At the centre of it is Humm Group, a consumer finance company now caught between a premium takeover offer, internal power struggles, and a rare regulatory intervention.
This week, the Takeovers Panel stepped in with a decisive ruling. It declared that circumstances surrounding the company’s handling of a takeover proposal were “unacceptable,” effectively questioning whether the market had been properly informed.
The dispute traces back to November 2025, when Credit Corp Group put forward an offer to acquire Humm at $0.77 per share under a scheme, or $0.72 via a takeover route.
The proposal represented a significant premium compared to earlier interest in the company, including a $0.58 per share bid linked to Humm’s own founder, Andrew Abercrombie.
On paper, it appeared straightforward. A higher offer had emerged, and the market was waiting for the board’s response.
What followed instead has become the subject of scrutiny.

HUMM Group Stock Price DATA: 20th March 2026 | StocknessMonster
According to the Takeovers Panel, Humm’s public messaging did not align with internal decisions.
On December 17, 2025, the company told the ASX it was “carefully evaluating” the Credit Corp proposal and was willing to engage.
However, evidence presented to the Panel showed that weeks earlier, on November 27, Mr. Abercrombie had already instructed advisers to treat the proposal as a “non-starter.”
In parallel, the company indicated that an Independent Board Committee would assess the offer.
The Panel found that no such committee was ever intended to be formed.
For a market that relies on transparency, this gap between communication and reality became the central issue.
The situation escalated further when Mr. Abercrombie increased his stake in the company.
Between December 17 and 19, immediately following the market announcement, his voting power rose from 26.19% to 29.19%.
This 3% increase may appear modest, but in takeover terms it is significant.
It strengthened his influence at a critical moment, potentially making it more difficult for Credit Corp to achieve the 50.1% acceptance threshold required under a takeover structure.
The Panel concluded that these purchases occurred in a market that had not been properly informed, raising concerns about fairness.
Declarations of “unacceptable circumstances” are not issued lightly.
They signal that the principles underpinning Australia’s takeover regime, including an efficient, competitive, and informed market, may have been compromised.
In this case, the Panel pointed to three key concerns.
First, the market may have been misled about the company’s willingness to engage with the offer.
Second, governance processes such as the Independent Board Committee were not accurately represented.
Third, the timing of share acquisitions created a potential imbalance in control.
Together, these findings elevate the situation from a commercial disagreement to a governance issue.
Mr. Abercrombie has since filed a review application, challenging the Panel’s decision.
This introduces a new phase in the saga, one that could extend beyond the boardroom into a more formal legal process.

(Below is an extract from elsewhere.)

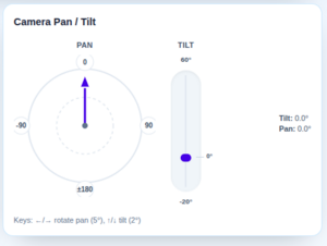 The camera control section allows the operator to adjust the robot camera orientation. Operators can pan and tilt the camera to modify the viewing angle and improve visibility of the environment.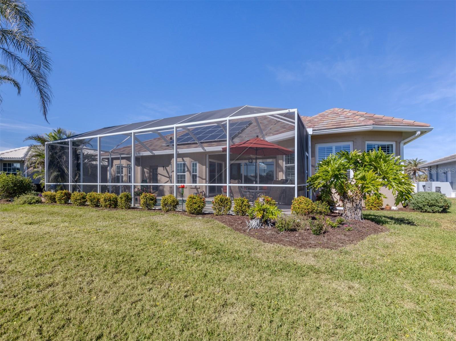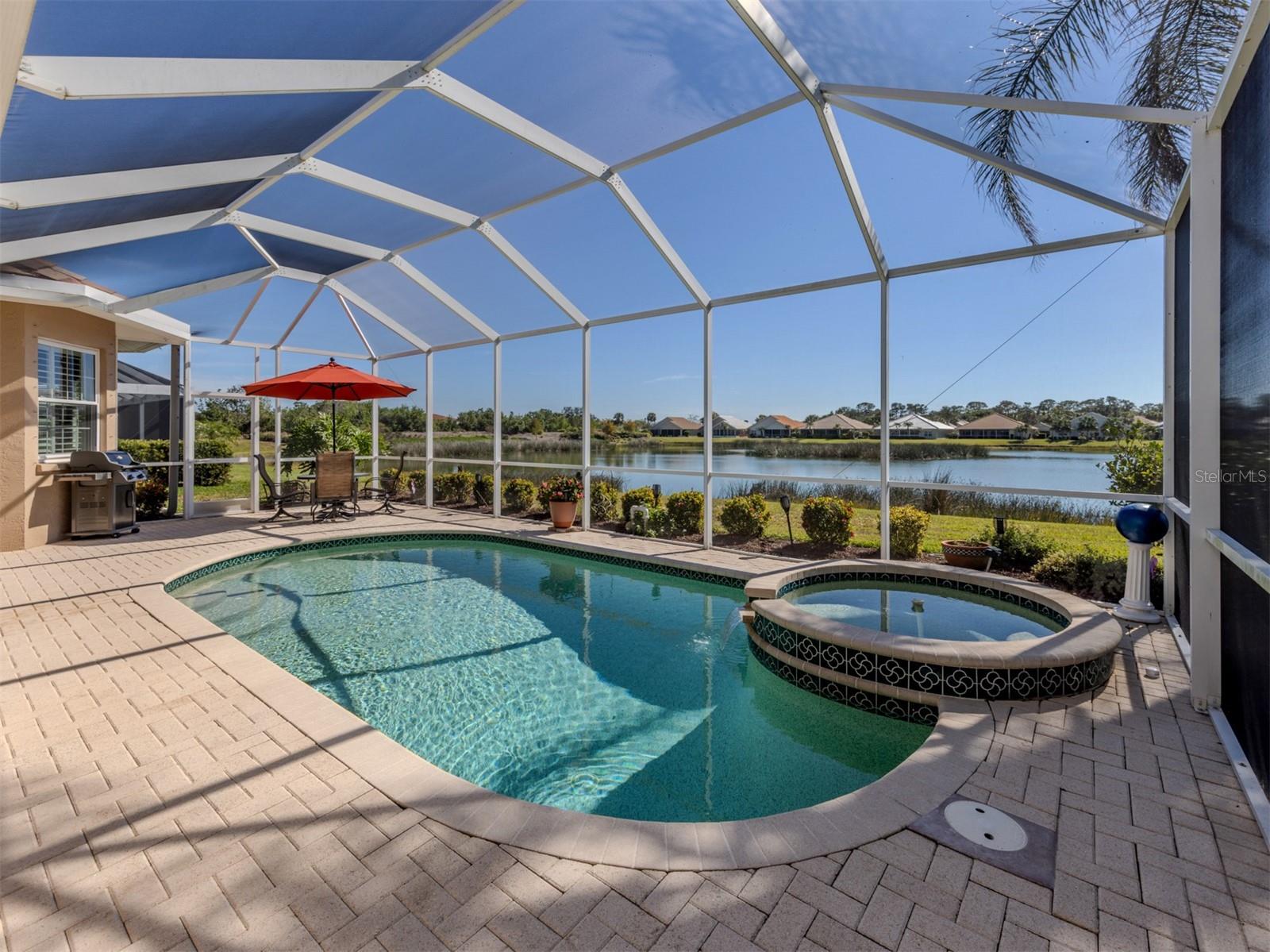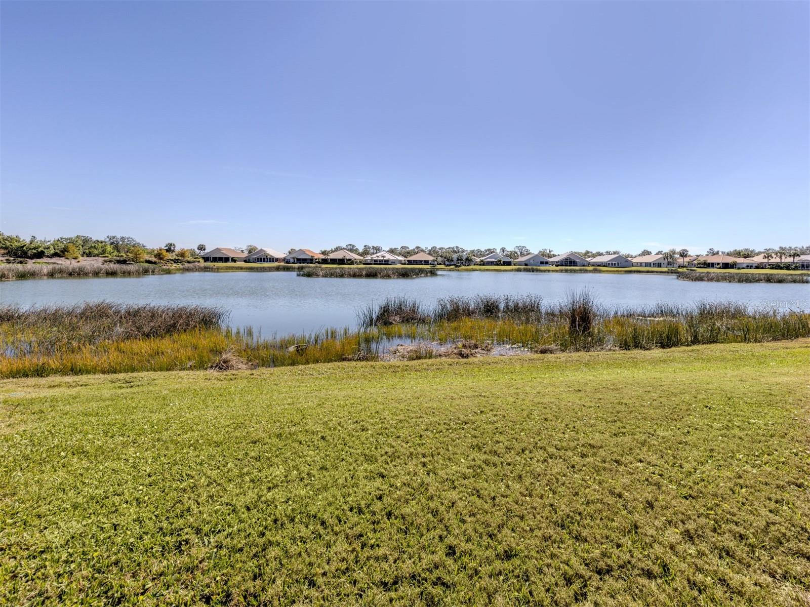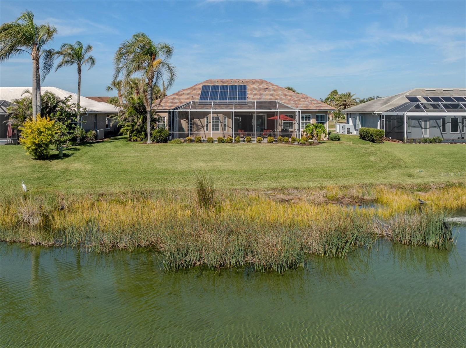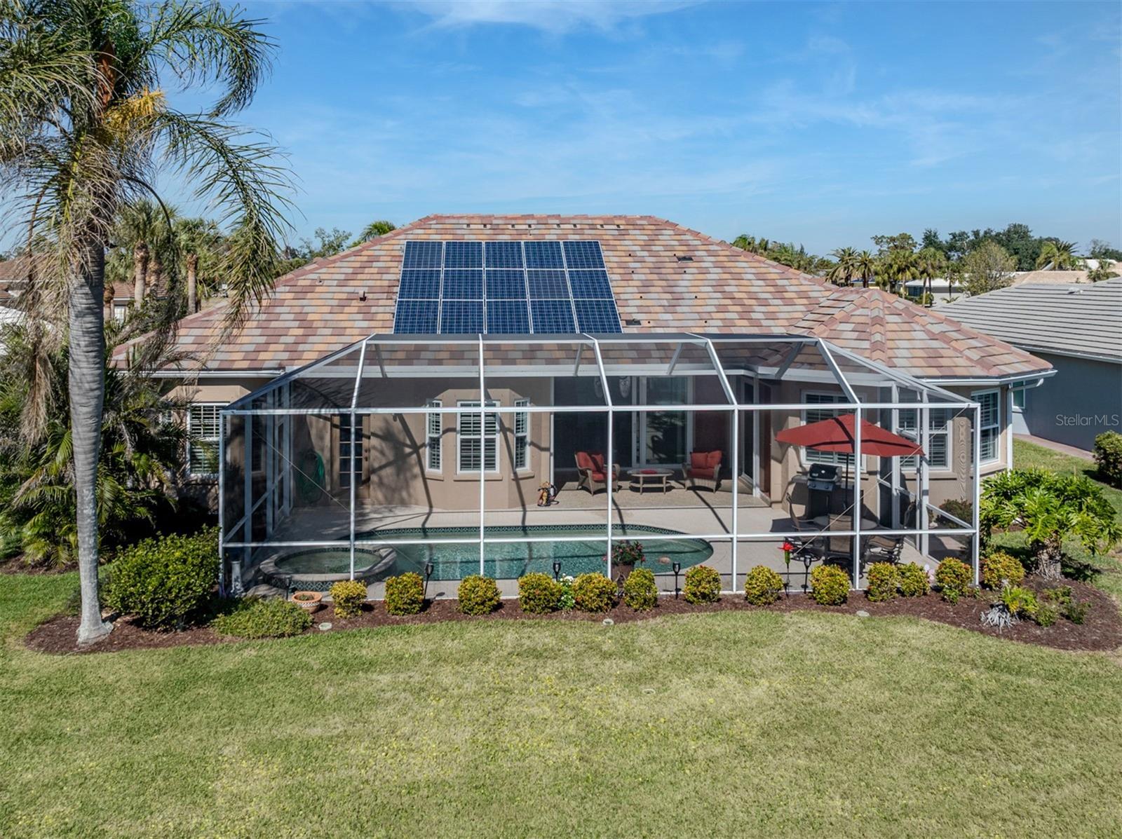THIS WATER VIEW IS AMAZING!!! This beautifully meticulously maintained 2,448-square-foot, FULL HURRICANE PROTECTION and NO FLOOD ZONE, PAID OFF SOLAR PANELS, boasts four-bedroom, two-bath, oversized two-car garage pool home with breathtaking long water south views in the desirable Waterford Golf Club community in the heart of Venice. This stunningly designed residence features a split floor plan, providing plenty of privacy and a functional flow between the spaces. Updates include 2024 water heater, 2022 air conditioner, 2021 re-roof, 2018 hurricane sliders, 2015-2014 electric hurricane shutter on lanai and Lexan hurricane shutters for house, 2010 solar panels, custom plantation shutters and porcelain tile throughout, plenty of storage, and more! Step inside this home and your eyes are drawn to 14-foot ceilings throughout, contributing to its open, airy atmosphere, helping to maximize natural light with amazing water views. With windows that frame the ever-dancing water views, the great room becomes a canvas of nature's art, ideal for those quiet moments with a book or lively gathering with friends. The kitchen overlooks the great room and boasts solid wood cabinetry, granite countertops, newer appliances, breakfast bar, island and built-in desk so the chef can plan those special meals. The formal dining room is off the kitchen making those special meals a breeze. Just off the kitchen a caf which is an ideal spot to enjoy the birds dancing on the water and have a quick bite before heading off to the golf course. The extended primary suite includes triple sliding glass doors, bay windows and private en suite. The spa-like private en suite is spacious and boasts dual walk-in closets, dual sinks, garden tub and large walk-in shower. The second bedroom is at the front of the home and could easily double as an office with private access to the main en suite. The third and fourth bedrooms are at the back of the home near the second full bath that doubles as a pool bath and includes a hall pocket door creating a private tropical oasis for guests or the ideal space for a blended family. The fourth bedroom boasts a Murphy bed with matching desk and large closet making this space useable for day-to-day living. The large laundry room is just off the kitchen, with extra cabinetry, storage, utility sink and leads to the oversized garage. In the garage, high ceilings, pull-down attic stairs, cabinetry and rear door access to the backyard. Open the pocketing sliders in the living room and caf to seamlessly extend your living space outside to the large, covered lanai. The OVERSIZED extended paver lanai includes a pool bath access, covered and open lanai space and electric drop-down hurricane shutter. Not in a flood zone, one low HOA fee of $2,165 annually and no CDD. Waterford offers 27 holes of championship golf, a heated pool, lighted Har-Tru tennis courts, pickleball, social room with kitchen, dance floor and fitness center. After a day of golf enjoy lunch at the club with no restaurant minimums. Membership to Waterford Golf Club is not required. Easy access to Interstate 75, U.S. 41, pristine Gulf of Mexico beaches, shopping, dining, medical and the new Sarasota Memorial Hospital.

At the same time, attention is turning to the company’s leadership.
An Extraordinary General Meeting, now scheduled for May 1, 2026, will give shareholders the opportunity to vote on potential board changes.

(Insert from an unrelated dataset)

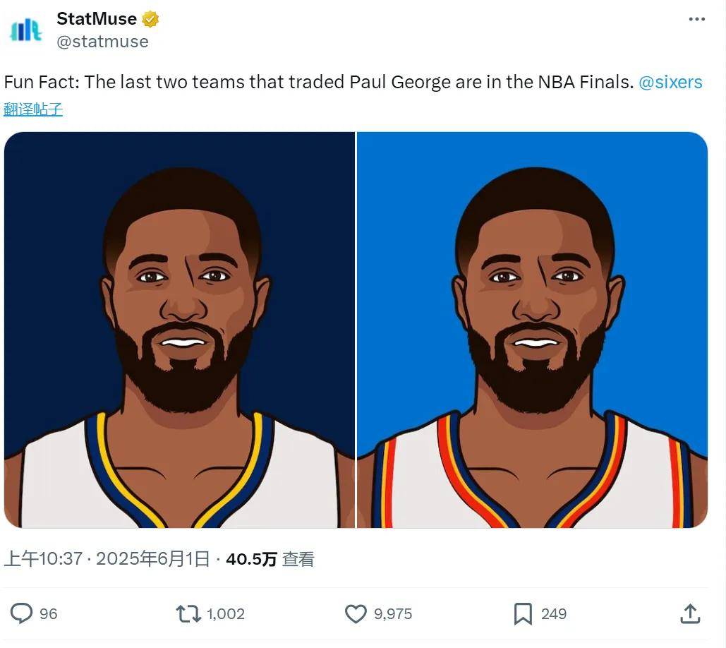 北京时间6月1日,步行者4-2淘汰尼克斯,与雷霆会师总决赛。知名媒体露天看台(Bleacher Report)赛后晒图:保罗-乔治缔造了今年的NBA总决赛。数据媒体StatMuse写道:最近两支交易保罗-乔治的球队,都进了今年的总决赛。

This adds another layer to an already complex situation, effectively turning the takeover into a referendum on governance.

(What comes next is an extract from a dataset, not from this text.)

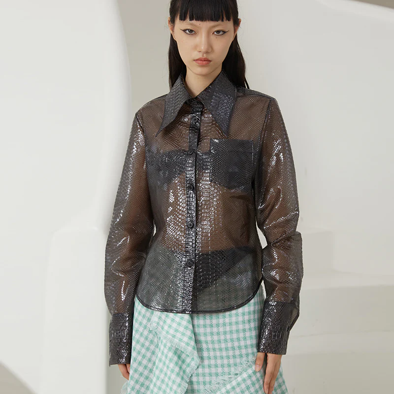deanwangkt Patchwork Casual Loose Solid Blouse Female Lapel Long Sleeve PU Shirts For Women Autumn Style New Clothes

While the numbers and timelines are specific to Humm, the underlying themes resonate more widely.
Takeover battles are not new to the ASX. Similar conflicts have emerged in sectors ranging from mining to technology, often highlighting tensions between founders and shareholders.
What makes this case notable is the regulatory intervention.
It underscores the importance of clear communication during corporate transactions, particularly when control of a company is at stake.
The immediate path forward hinges on two developments.
The outcome of Mr. Abercrombie’s review application will determine whether the Panel’s findings stand or are reconsidered.
At the same time, the May shareholder meeting will shape the company’s governance structure.
For Credit Corp, the situation remains fluid. The attractiveness of its offer is clear, but the pathway to execution has become more complicated.
Humm Group now finds itself in a position few companies anticipate.It is navigating a takeover proposal, a regulatory challenge, and an internal leadership contest all at once.
The coming weeks will be critical.
Whether the company moves toward a transaction, a board reshuffle, or a prolonged standoff will depend on how these parallel processes unfold.